▸ **Activity**: The entries must be repeated verbatim, and their images left out.

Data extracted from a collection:
+ + + + +
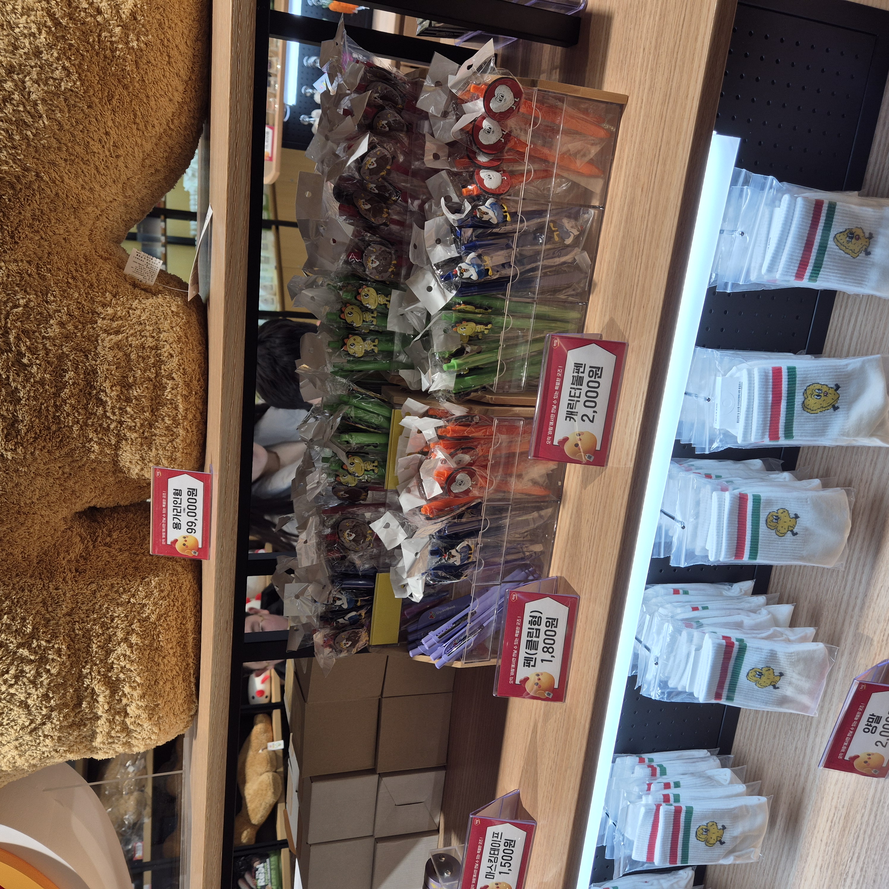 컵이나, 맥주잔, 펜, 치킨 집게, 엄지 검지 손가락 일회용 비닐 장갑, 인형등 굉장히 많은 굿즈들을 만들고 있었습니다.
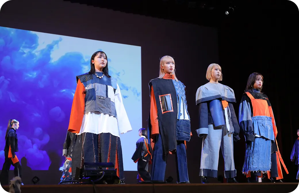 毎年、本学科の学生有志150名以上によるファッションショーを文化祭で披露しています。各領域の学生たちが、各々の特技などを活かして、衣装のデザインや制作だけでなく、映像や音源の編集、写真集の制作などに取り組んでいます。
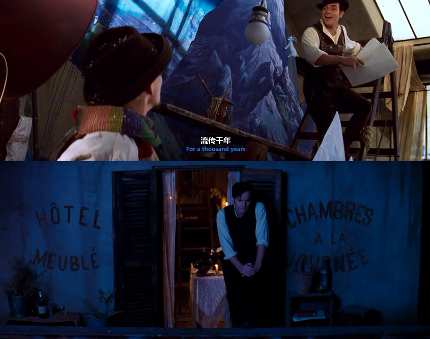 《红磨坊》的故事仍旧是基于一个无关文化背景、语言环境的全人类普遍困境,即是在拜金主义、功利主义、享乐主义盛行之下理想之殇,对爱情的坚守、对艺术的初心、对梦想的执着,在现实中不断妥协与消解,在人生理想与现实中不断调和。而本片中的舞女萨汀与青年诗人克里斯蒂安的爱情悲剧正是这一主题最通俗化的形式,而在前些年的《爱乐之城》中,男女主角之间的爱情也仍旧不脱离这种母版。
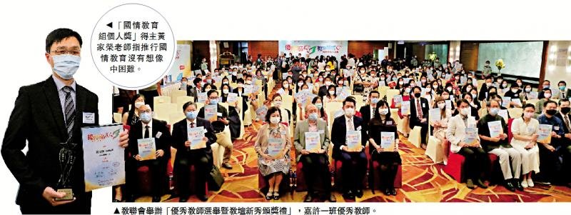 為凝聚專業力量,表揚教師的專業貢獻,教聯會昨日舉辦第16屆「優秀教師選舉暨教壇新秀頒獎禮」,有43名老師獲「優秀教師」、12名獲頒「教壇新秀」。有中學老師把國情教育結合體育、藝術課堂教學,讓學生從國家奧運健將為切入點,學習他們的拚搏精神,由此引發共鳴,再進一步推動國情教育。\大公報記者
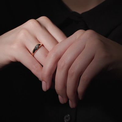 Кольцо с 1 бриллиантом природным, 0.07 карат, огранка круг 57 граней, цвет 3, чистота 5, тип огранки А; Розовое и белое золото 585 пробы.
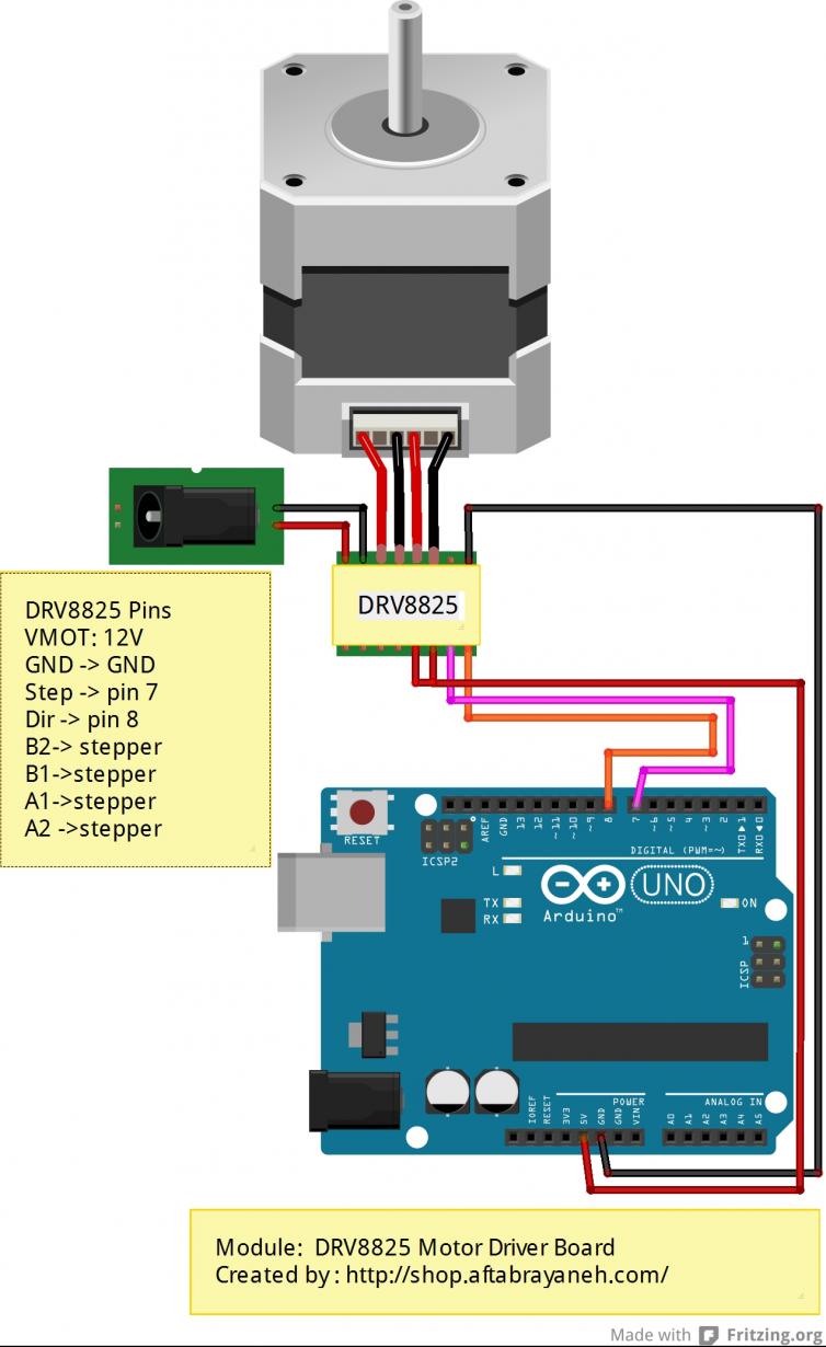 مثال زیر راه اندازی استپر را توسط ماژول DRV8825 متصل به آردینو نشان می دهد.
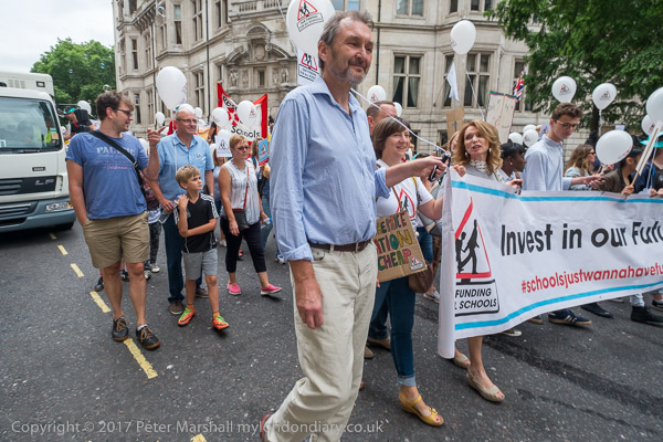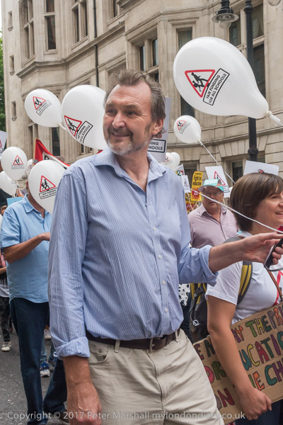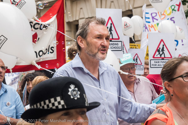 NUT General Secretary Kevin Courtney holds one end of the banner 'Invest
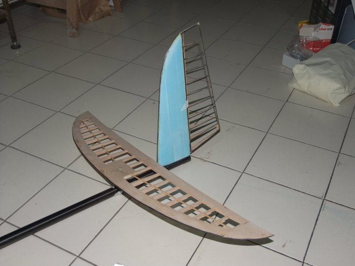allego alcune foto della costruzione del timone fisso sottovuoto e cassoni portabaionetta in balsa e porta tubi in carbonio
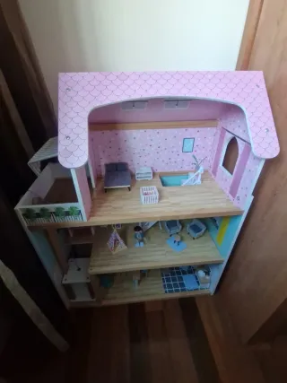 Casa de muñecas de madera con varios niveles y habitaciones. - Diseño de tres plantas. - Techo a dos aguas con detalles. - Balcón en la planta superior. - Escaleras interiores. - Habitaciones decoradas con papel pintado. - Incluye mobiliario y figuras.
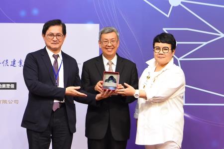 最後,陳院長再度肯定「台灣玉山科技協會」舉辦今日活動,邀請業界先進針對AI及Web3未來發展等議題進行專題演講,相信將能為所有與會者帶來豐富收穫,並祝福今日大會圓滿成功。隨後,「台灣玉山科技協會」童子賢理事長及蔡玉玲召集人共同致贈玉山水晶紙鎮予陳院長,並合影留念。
+ + + + +
▸ **Result for this exercise**:
 컵이나, 맥주잔, 펜, 치킨 집게, 엄지 검지 손가락 일회용 비닐 장갑, 인형등 굉장히 많은 굿즈들을 만들고 있었습니다.
 毎年、本学科の学生有志150名以上によるファッションショーを文化祭で披露しています。各領域の学生たちが、各々の特技などを活かして、衣装のデザインや制作だけでなく、映像や音源の編集、写真集の制作などに取り組んでいます。
 《红磨坊》的故事仍旧是基于一个无关文化背景、语言环境的全人类普遍困境,即是在拜金主义、功利主义、享乐主义盛行之下理想之殇,对爱情的坚守、对艺术的初心、对梦想的执着,在现实中不断妥协与消解,在人生理想与现实中不断调和。而本片中的舞女萨汀与青年诗人克里斯蒂安的爱情悲剧正是这一主题最通俗化的形式,而在前些年的《爱乐之城》中,男女主角之间的爱情也仍旧不脱离这种母版。
 為凝聚專業力量,表揚教師的專業貢獻,教聯會昨日舉辦第16屆「優秀教師選舉暨教壇新秀頒獎禮」,有43名老師獲「優秀教師」、12名獲頒「教壇新秀」。有中學老師把國情教育結合體育、藝術課堂教學,讓學生從國家奧運健將為切入點,學習他們的拚搏精神,由此引發共鳴,再進一步推動國情教育。\大公報記者
 Кольцо с 1 бриллиантом природным, 0.07 карат, огранка круг 57 граней, цвет 3, чистота 5, тип огранки А; Розовое и белое золото 585 пробы.
 مثال زیر راه اندازی استپر را توسط ماژول DRV8825 متصل به آردینو نشان می دهد.
 NUT General Secretary Kevin Courtney holds one end of the banner 'Invest
allego alcune foto della costruzione del timone fisso sottovuoto e cassoni portabaionetta in balsa e porta tubi in carbonio
 Casa de muñecas de madera con varios niveles y habitaciones. - Diseño de tres plantas. - Techo a dos aguas con detalles. - Balcón en la planta superior. - Escaleras interiores. - Habitaciones decoradas con papel pintado. - Incluye mobiliario y figuras.
 最後,陳院長再度肯定「台灣玉山科技協會」舉辦今日活動,邀請業界先進針對AI及Web3未來發展等議題進行專題演講,相信將能為所有與會者帶來豐富收穫,並祝福今日大會圓滿成功。隨後,「台灣玉山科技協會」童子賢理事長及蔡玉玲召集人共同致贈玉山水晶紙鎮予陳院長,並合影留念。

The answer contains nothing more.